[Chronique de Pierre Trudel] Bring states out of their silos

We must welcome the recent signing of a memorandum of understanding between the principal Canadian authorities in the protection of personal information. This illustrates one of the avenues that law enforcement agencies should take. While goods and services are offered in online environments that ignore territorial borders, public bodies too often remain confined to territorial and jurisdictional shackles. States operate in a vacuum. They impose limits on themselves that compartmentalize their capacities to act. The organization that protects consumers does not know what the organization that protects the privacy of these same consumers is doing. The examples could be multiplied.

To protect people in connected environments, we need mechanisms and regulations adapted to the situations that are deployed in the network. Laws have often been designed to address specific issues and apply within defined geographic territories.

Thus, the organizations responsible for applying the laws protecting citizens, consumers, children and vulnerable people operate in a vacuum. Too often, the organization in one territory is unaware of what its counterpart in the neighboring territory is doing. This need for cooperation is particularly important in environments that transcend both territorial borders and sectors of activity. For example, social networks can be used to broadcast television programs as well as to sell used clothes or cryptocurrency or even support the non-consensual transmission of intimate images.

With regard to the protection of privacy, the recently signed protocol commits the Commission d’accès à l’information du Québec to cooperate with the other personal information protection authorities of Canada, Alberta and British Columbia. British. They will be able to exchange and consult on problems of application of the various laws, discuss policies and develop tools for public awareness and compliance. The goal is to maximize the capacity and impact of law enforcement activities and increase knowledge sharing.

This kind of cooperation will allow more flexibility to address common issues on emerging privacy issues. On the occasion of the signing of this protocol, Diane Poitras, president of the Commission d’accès à l’information du Québec, recalled that collaboration in the application of laws on the protection of personal information is essential. In a world where data transcends borders, there is a need to simplify investigative processes and seek greater harmonization in law enforcement.

For activities that take place in spaces that transcend borders, it is counterproductive to maintain law enforcement processes operating in silos.

We must avoid each organization having to start over in its own corner with investigations and procedures in order to elucidate situations that are taking place in different territories, but which often concern the same citizens.

From the vacuum to the network

In 2020, the Yale report noted that the new networked space, in which everything is connected in an environment of ambient intelligence, requires a different conception of the functioning of organizations responsible for applying the laws.

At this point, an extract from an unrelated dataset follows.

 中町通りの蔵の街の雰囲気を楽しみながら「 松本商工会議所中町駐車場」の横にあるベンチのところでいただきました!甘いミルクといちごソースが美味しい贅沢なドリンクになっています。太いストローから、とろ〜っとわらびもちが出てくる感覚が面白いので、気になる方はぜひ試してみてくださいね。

The lines of separation between sectors of activity, once delimited in a vacuum, are blurring. New types of problems and risks must be addressed. For example, the data collected thanks to the ability to compile the smallest facts and gestures of everything that takes place on the Internet obviously presents challenges for individuals, but it also presents challenges for several other types of actors. The way social network algorithms process content has implications for privacy, but also for the application of laws against discrimination or harassment.

Obviously, personal data concerns an individual, but once it is consolidated, it also presents other challenges. The data collected from individuals has a significant potential for intrusion into their privacy. But these same data are aggregated and processed with others to produce all sorts of services, for example, interactive traffic maps. Other services may process data with processes that have discriminatory or other exclusionary effects.

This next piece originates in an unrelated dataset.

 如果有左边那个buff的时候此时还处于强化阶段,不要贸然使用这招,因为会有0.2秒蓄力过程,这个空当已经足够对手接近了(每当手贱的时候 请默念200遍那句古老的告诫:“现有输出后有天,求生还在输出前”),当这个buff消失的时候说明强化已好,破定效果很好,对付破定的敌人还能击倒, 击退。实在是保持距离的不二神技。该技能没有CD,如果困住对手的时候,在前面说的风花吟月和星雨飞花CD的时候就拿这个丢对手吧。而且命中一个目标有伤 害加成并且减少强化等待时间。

These are questions relating to competition law, consumer protection, the right to privacy, public safety imperatives and taxation. They must be approached accordingly. They transcend the scope of sectoral laws and often go beyond the specific mandate of the various regulatory bodies.

The realities are more and more encompassing. They challenge the traditional categories that compartmentalize public bodies. Law enforcement can no longer be restrained by the limits of a compartmentalized vision of the law inherited from the time when networks were the exception. To have the ability to intervene in realities that unfold in a network, you have to work in a network.